Welcome to our Healthcare Reform Blog!

The Affordable Care Act (ACA) of 2010 has many implications for individuals and employers, many of which will take effect in 2014. We, at The Rockwood Company, are dedicated to providing you with timely information to help you make benefit choices for 2014 and beyond. We are using this blog to provide you with the most up-to-date information. New information will be posted on the front page, and tagged with the appropriate classification. Classifications will be individuals, small groups (less than 50 employees) and large group (greater than 50 employees).

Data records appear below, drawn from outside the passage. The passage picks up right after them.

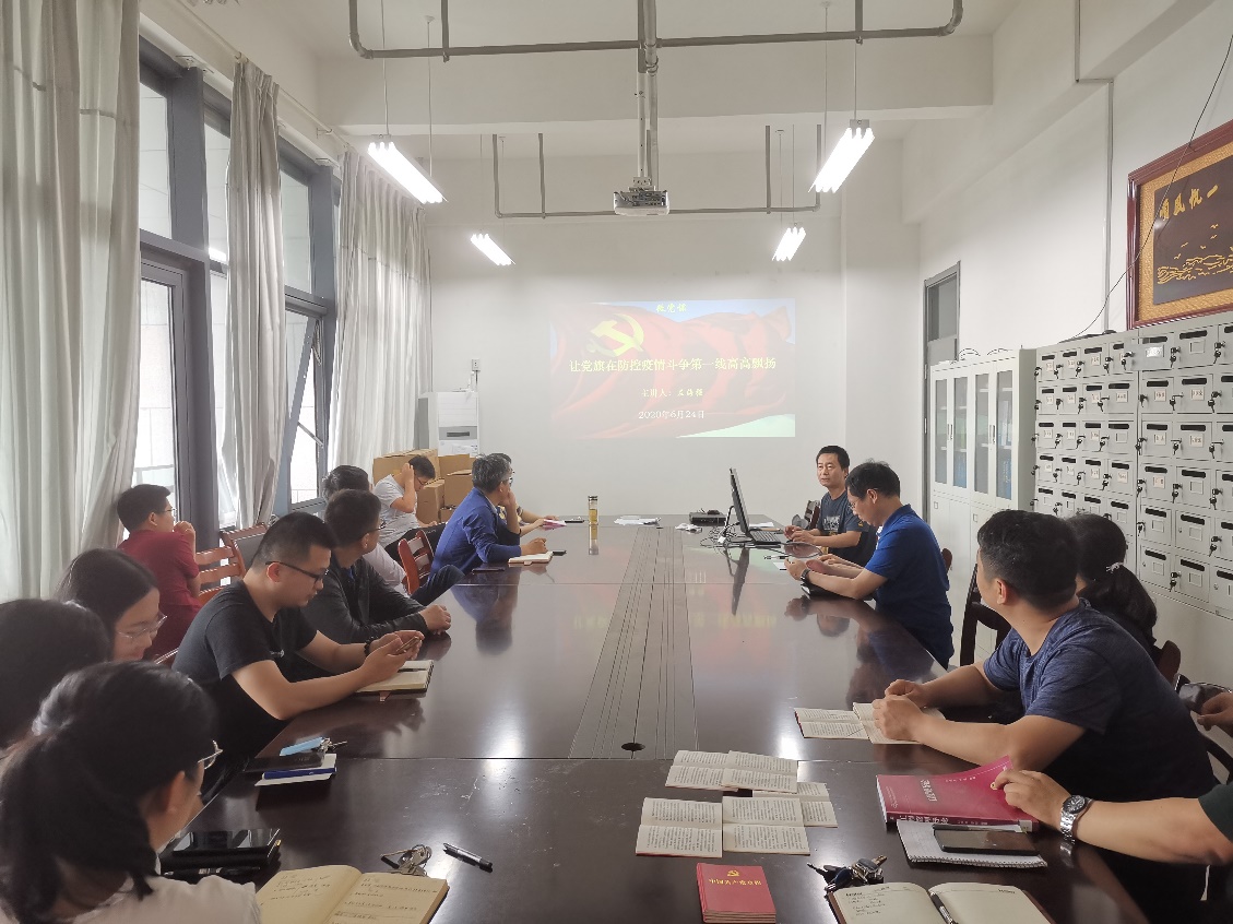支部书记左海强主讲以“让党旗在防控疫情斗争第一线高高飘扬”为题的微党课
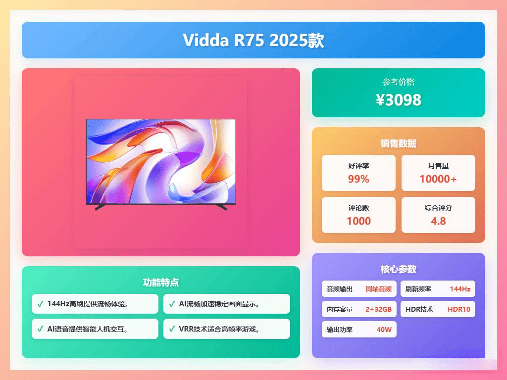 当然,R Pro 75VR1S-PRO的无倒影低反屏技术也非常实用,尤其在光线较亮的环境中,能有效减少屏幕反光,提升观看体验。记住,选电视就像选伴侣,适合自己的才是最好的!
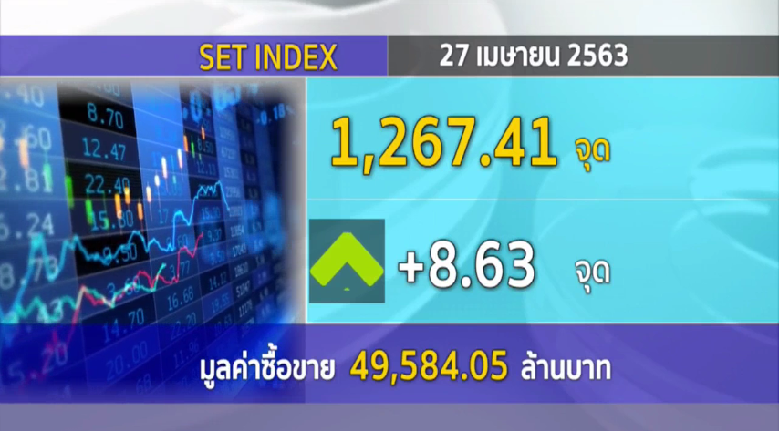 กรุงเทพฯ  27 เม.ย. – หุ้นไทยปิดบวก 8.63 จุด ตามตลาดหุ้นทั่วโลก หลังหลายประเทศคลายล็อกดาวน์ ญี่ปุ่นผ่อนคลายการเงิน
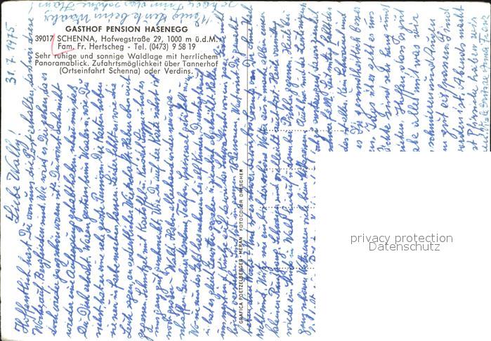 Schenna Meran Pension Hasenegg postalisch nicht gelaufen Erhaltung siehe scans

Thursday, February 28, 2013

FAQ's released on Deductible, Preventive and Out-of-Pocket Max

Treasury released FAQs on Cost-Sharing Limitations under the ACA

Who must comply with the $2,000 deductible limit?

For now, small groups (under 50) need to comply with the $2,000 deductible maximum. However, there is a provision that allows insurers to offer a plan with a deductible larger than $2,000 if it cannot reasonably reach a given level of coverage on the exchange. 

Who must comply with the annual out-of-pocket maximums?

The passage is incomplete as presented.